▶ What the task asks: Your answer should give again, exactly, the lines from the beginning of the entries below through the line containing "PORT OF ANDROSSAN". It must contain no pictures.
####################
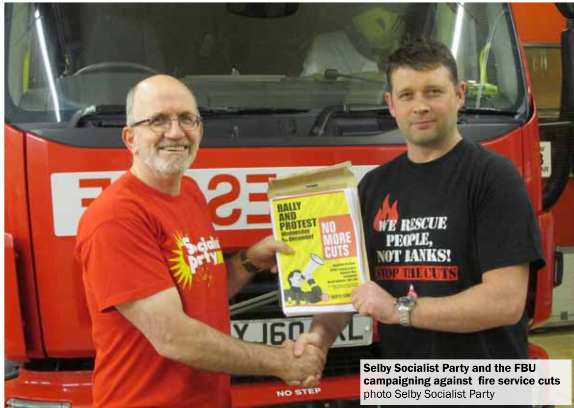
Selby Socialist Party and the FBU campaigning against fire service cuts

A further review of fire service resources in York is due soon and the Socialist Party and the Trade Unionist and Socialist Coalition (TUSC) in North Yorkshire will be continuing our campaign alongside the FBU against the implementation of these savage cuts.
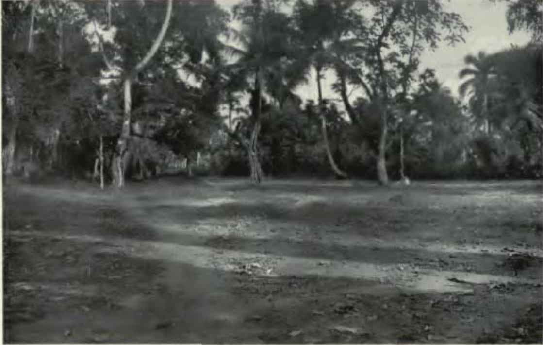
A TOWN PLAYGROUND

In the foregoing story both Ekpenyong and Adiaha were bidden to go down to the water and bathe so that their bodies might be laved from head to foot. This would appear to have been ordered, not only on account of the fertilising powers ascribed to water in this region, but also as a means of breaking the curse of sterility under which both were suffering.
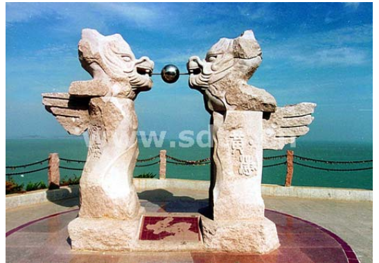
Boundary Coordinates of Yellow Sea and Bohai Sea
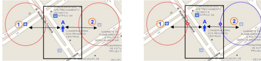
Fig. 1. An example of HaloDot with color. Original Halo (left) and HaloDot (right).

Fig.1 (right) shows the use of this approach applied to the above scenario. The most relevant object is represented with the red HaloDot and the less relevant is represented with a blue and more transparent HaloDot.
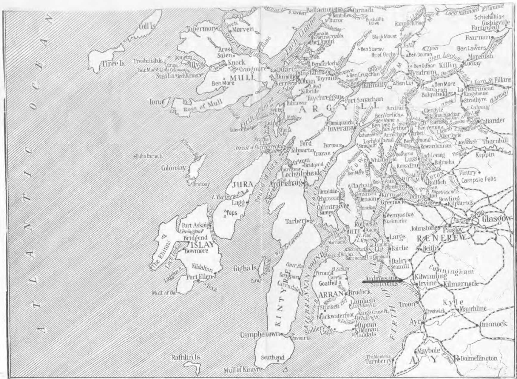
PORT OF ANDROSSAN WHERE THE SCHOONER "EZEL" LOADED COAL FOR CADIZ. 1875
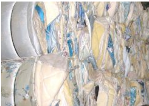
Foam and mattress toppers
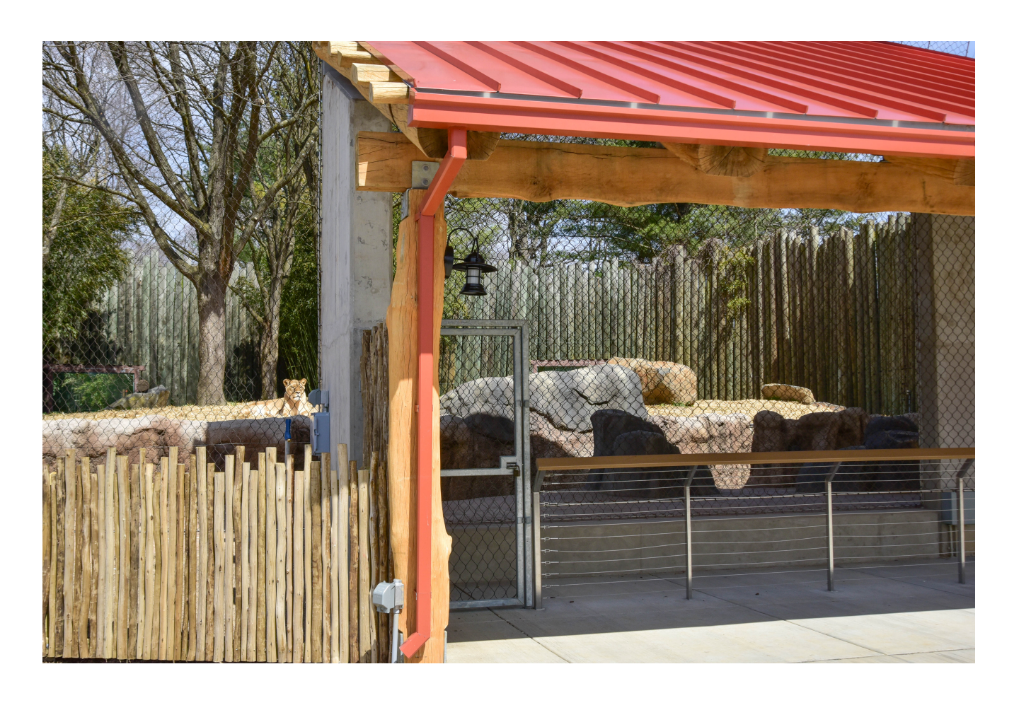
The Maryland Zoo
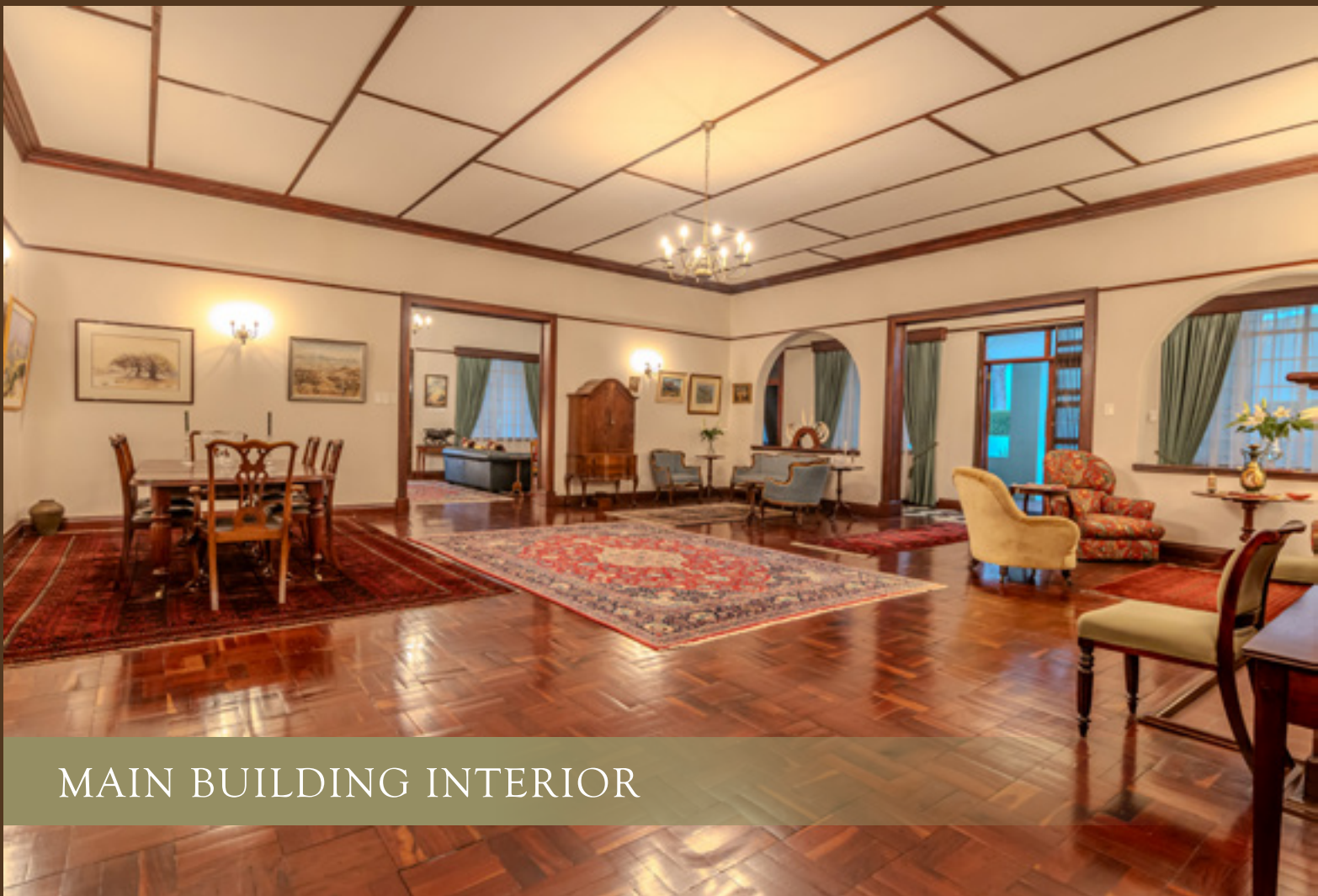
MAIN BUILDING INTERIOR
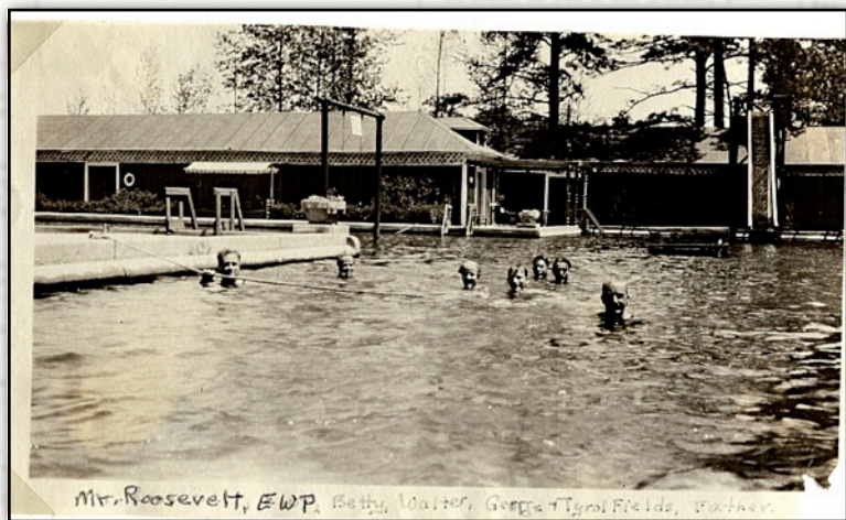
Unexpected arrivals began seeking FDR's therapy in 1925.

Worse than that, it started a flood of correspondence, which hasn't reached its crest yet. I thought I had a good many people writing me letters before that, but since
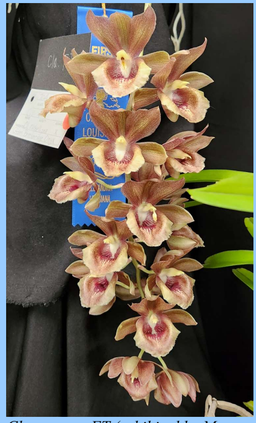
Clowesetum FT (exhibited by Meta Flanagan)
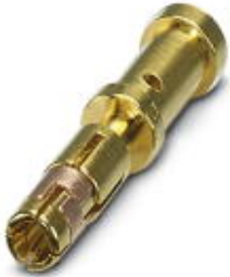
Crimp contact, turned, contact diameter: 1 mm, crimp range: 0.34 mm 2 ... 0.5 mm 2

Please be informed that the data shown in this PDF Document is generated from our Online Catalog. Please find the complete data in the user's documentation. Our General Terms of Use for Downloads are valid ( http://phoenixcontact.com/download )
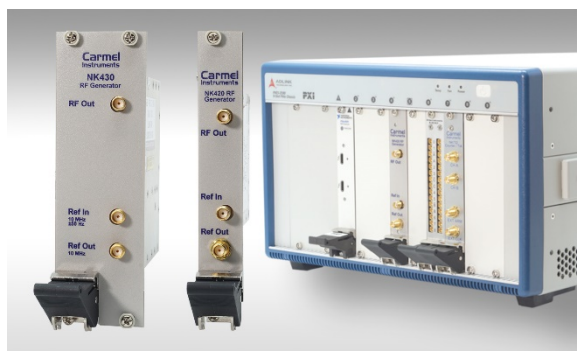
NK420 and NK430 With PXES-2590 Chassis
####################
▶ Expected answer:
Selby Socialist Party and the FBU campaigning against fire service cuts

A further review of fire service resources in York is due soon and the Socialist Party and the Trade Unionist and Socialist Coalition (TUSC) in North Yorkshire will be continuing our campaign alongside the FBU against the implementation of these savage cuts.
A TOWN PLAYGROUND

In the foregoing story both Ekpenyong and Adiaha were bidden to go down to the water and bathe so that their bodies might be laved from head to foot. This would appear to have been ordered, not only on account of the fertilising powers ascribed to water in this region, but also as a means of breaking the curse of sterility under which both were suffering.
Boundary Coordinates of Yellow Sea and Bohai Sea
Fig. 1. An example of HaloDot with color. Original Halo (left) and HaloDot (right).

Fig.1 (right) shows the use of this approach applied to the above scenario. The most relevant object is represented with the red HaloDot and the less relevant is represented with a blue and more transparent HaloDot.
PORT OF ANDROSSAN WHERE THE SCHOONER "EZEL" LOADED COAL FOR CADIZ. 1875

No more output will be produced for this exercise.